### What you have to do
Each line of the data below between the one containing "White pine counselling centre greater sudbury" and the one containing "A Park Service", both included, is to be repeated exactly. Please omit pictures.

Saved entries

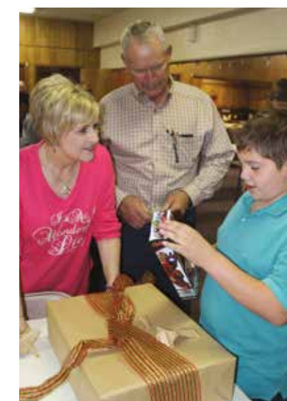
Muleshoe & Lariat Church of Christ
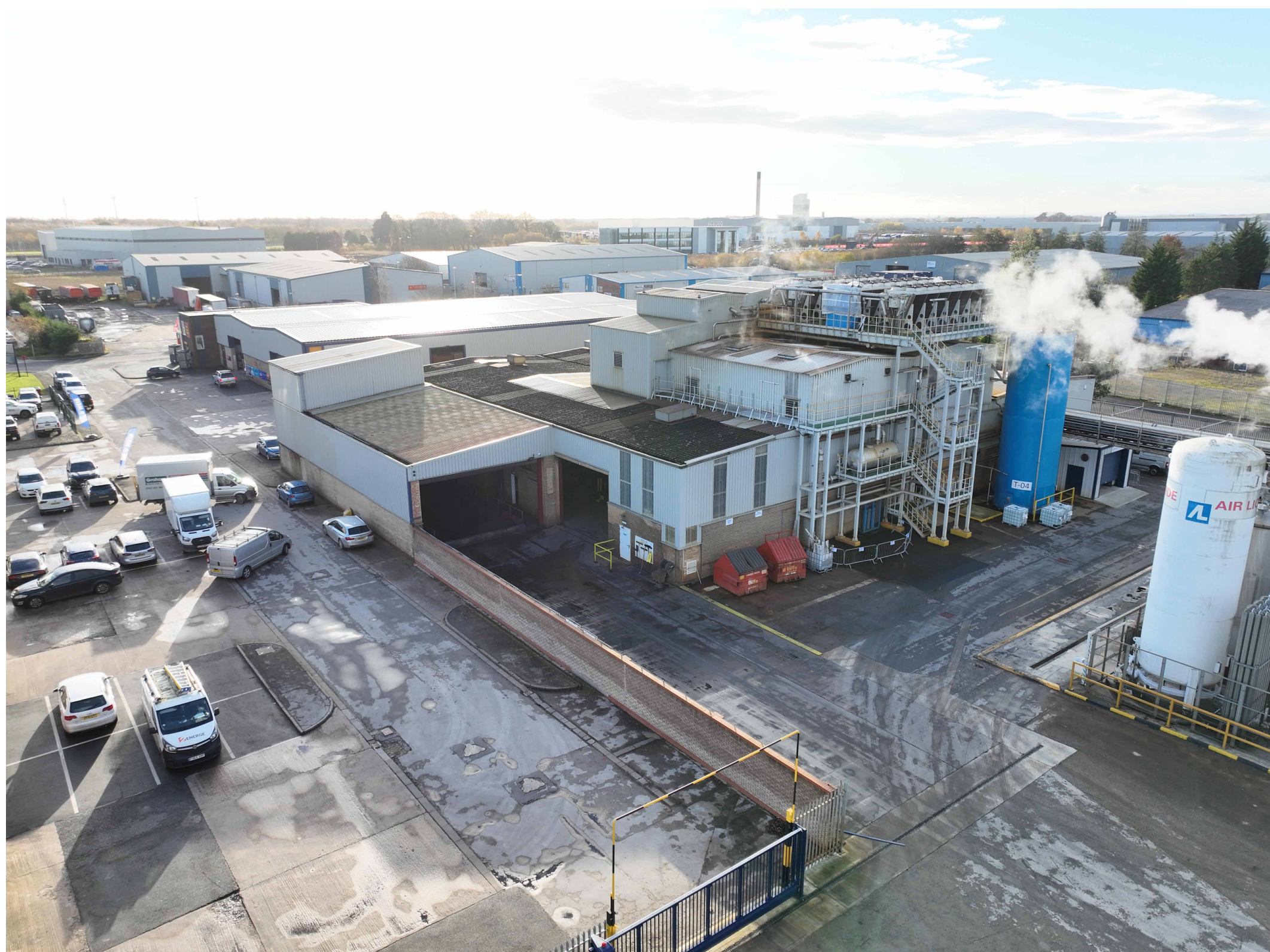
External view 3 - BEFORE
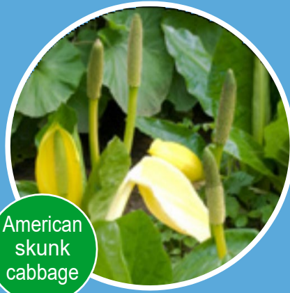
American skunk cabbage
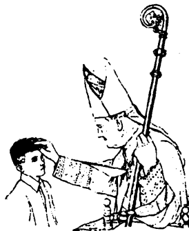
Bishop administers the Sacrement of Confirmation
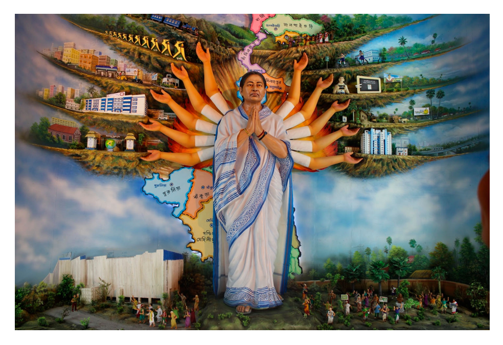
Image 2. A ten-armed Mamata Banerjee holding a representation of different developmental projects in West Bengal, Prantik Club, 2016.
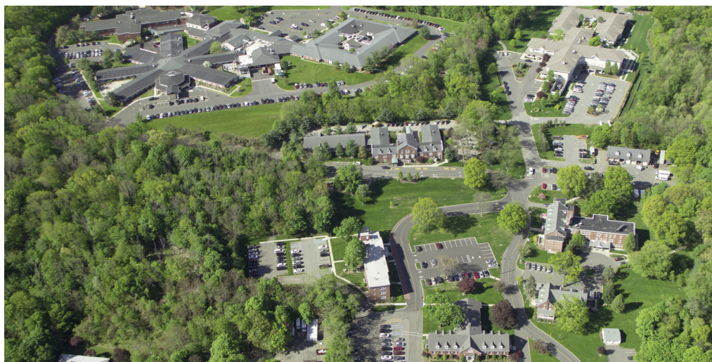
Christian Health Care Center

On April 24, 2013, the Authority signed a purchase contract with Wells Fargo Securities for the sale of $29,525,000 of bonds on behalf of the Meridian Health System. Meridian locked in a True Interest
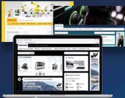
Over 6000 Supplier Microsites
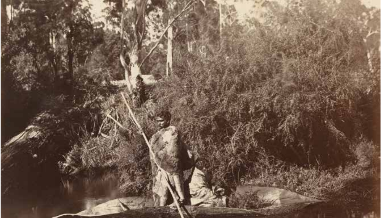
Aboriginal Men in Canoe by Fred Kruger, 1883. Courtesy of the National Gallery of Victoria.

The bark of large gum trees were cut from the trunk and shaped into canoes such that they could fish, hunt and travel along the river with ease.
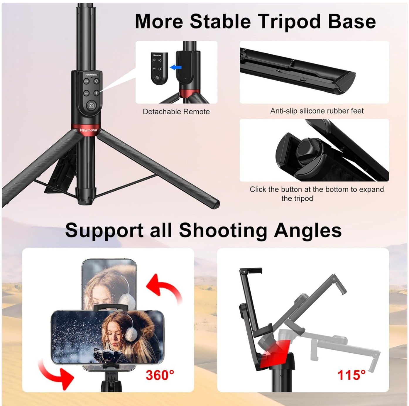
Figure 5: The remote can be detached for use up to 15 meters away.

Your browser does not support the video tag.
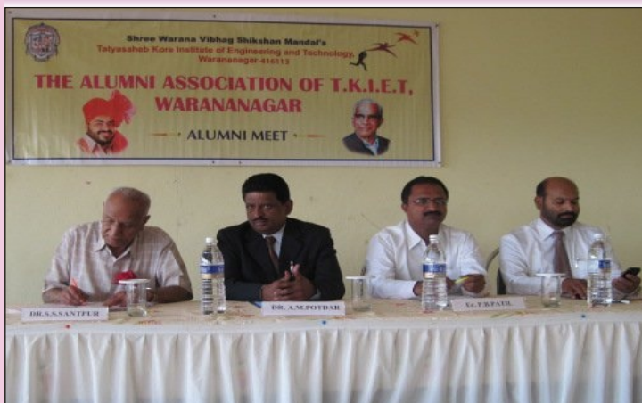
Alumni Meet for 2010-11
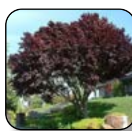
Flowering Plum Thundercloud Pg. 17
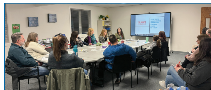
United Services hosted a Parent Information session on Human Trafficking February 22 at its Wauregan Center.
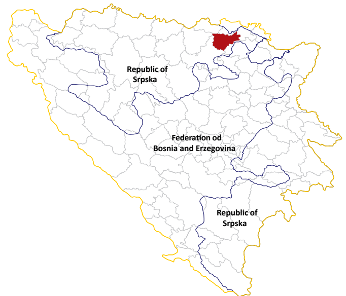
Position of the Municipality of Modriča in the Republika Srpska and Bosnia and Herzegovina
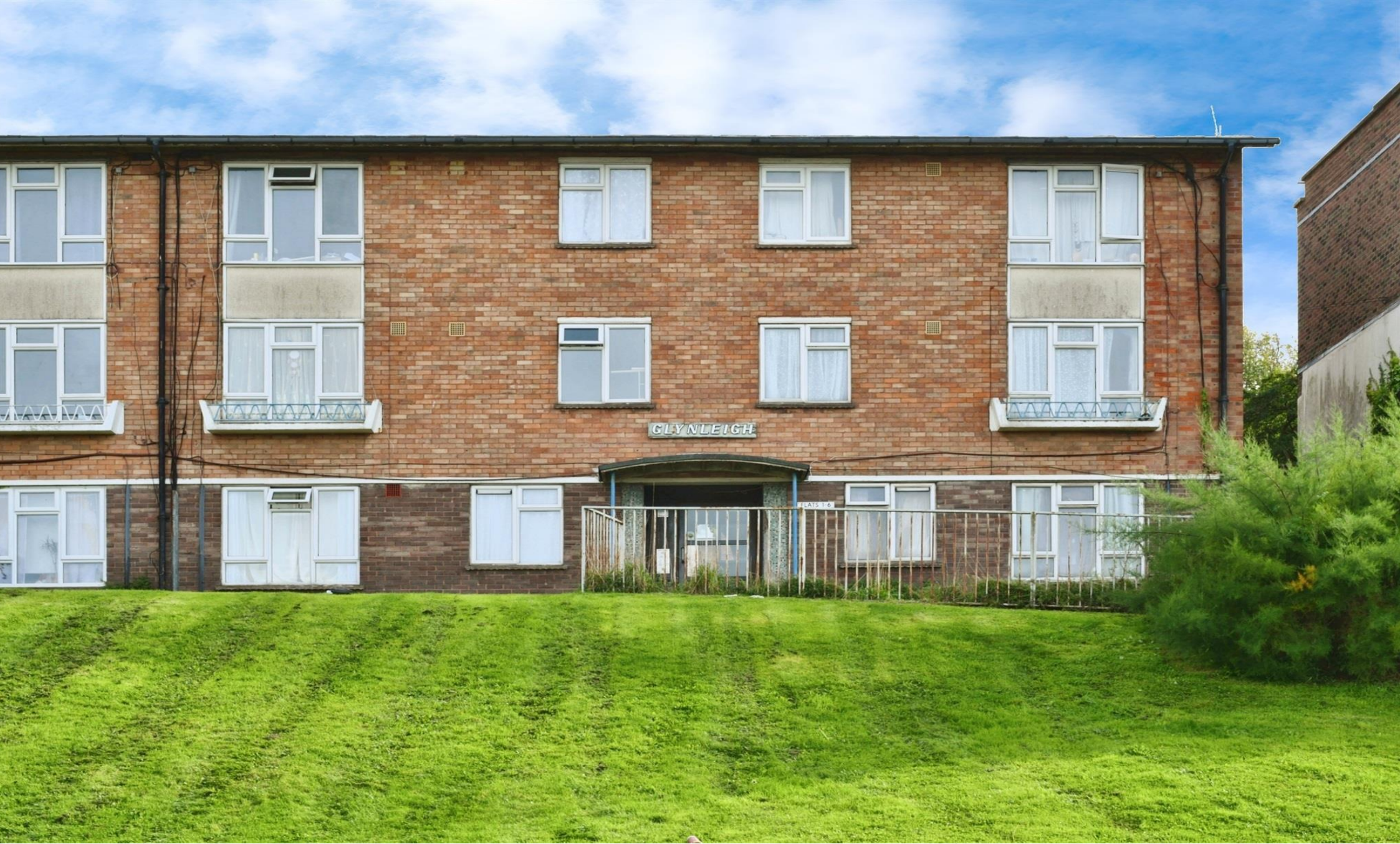
Glynleigh Ashton Rise, Brighton BN2 9RD
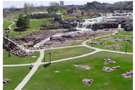
Falls Park Was Expanded All the Way to Downtown Sioux Falls Through This Project
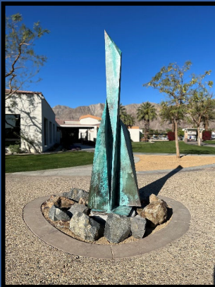
La Quinta's Harmony
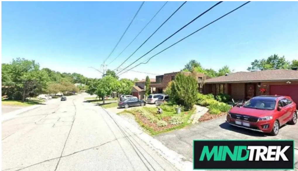
White pine counselling centre greater sudbury
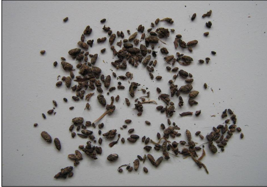
Figure 6. Example of faeces distribution found inside a nest with evidence of reproduction.
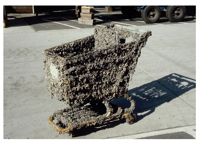
Zebra Mussel encrustation
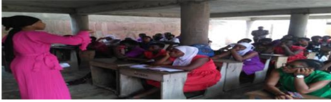
Figure 2 Awutu Senya East Information Officer educating students on the Ghana Card mass registration exercise.
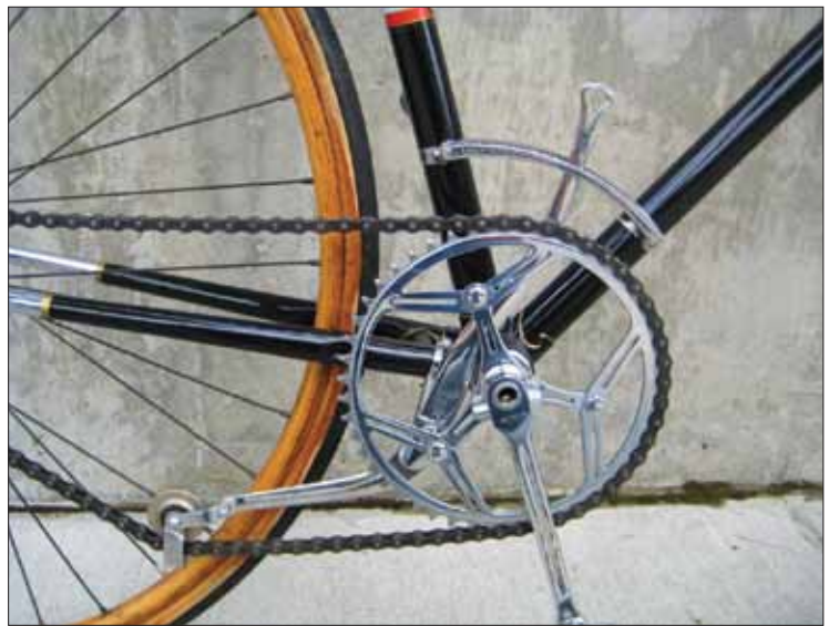
A. The Vittoria Margherita: a simple and elegant style.

These days, modern engineering greets us every time we walk into a local bike shop. Steel tubing is a rare sight compared with the amount of carbon fiber littered about the showroom floor. Many bikes now utilize hydraulic fluid to activate disc brakes and modern suspension keeps the tires on the trail. Once clunky mechanical contraptions, derailleurs are now sleek and smooth, some with battery-operated electronics controlling the action. Nowadays you can get a couple dozen gear choices all operated by push buttons. Ever wonder how we arrived at this point? Let's take a look at the technological progression bicycle derailleurs have made over the decades.
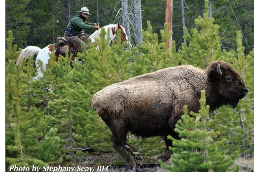
A Park Service rider aggressively chases a pregnant buffalo from Gallatin National Forest lands – these public lands never host any cattle.

Buffalo Field Campaign was founded, in part, to help "strengthen the tribal voice in management decisions affecting the Yellowstone herd." We have always advocated for the inclusion of First Nations at the decisionmaking table. In 2010 the Nez Perce and Confederated Salish and Kootenai tribes, along with the InterTribal Buffalo Council, were made voting buffalo and government agents spent as the connection between wild bison partners of the plan that dictates the weeks aggressively hazing hundreds and their habitat is severed by human buffalo's fate. Their combined voices more from habitat on the Gallatin have served to remind the agencies of National Forest, but not a single will be here. With your support we will the plan's commitment, long ignored, buffalo was slaughtered. In a major remain a strong force on the ground.

### Result
White pine counselling centre greater sudbury
Figure 6. Example of faeces distribution found inside a nest with evidence of reproduction.
Zebra Mussel encrustation
Figure 2 Awutu Senya East Information Officer educating students on the Ghana Card mass registration exercise.
A. The Vittoria Margherita: a simple and elegant style.

These days, modern engineering greets us every time we walk into a local bike shop. Steel tubing is a rare sight compared with the amount of carbon fiber littered about the showroom floor. Many bikes now utilize hydraulic fluid to activate disc brakes and modern suspension keeps the tires on the trail. Once clunky mechanical contraptions, derailleurs are now sleek and smooth, some with battery-operated electronics controlling the action. Nowadays you can get a couple dozen gear choices all operated by push buttons. Ever wonder how we arrived at this point? Let's take a look at the technological progression bicycle derailleurs have made over the decades.
A Park Service rider aggressively chases a pregnant buffalo from Gallatin National Forest lands – these public lands never host any cattle.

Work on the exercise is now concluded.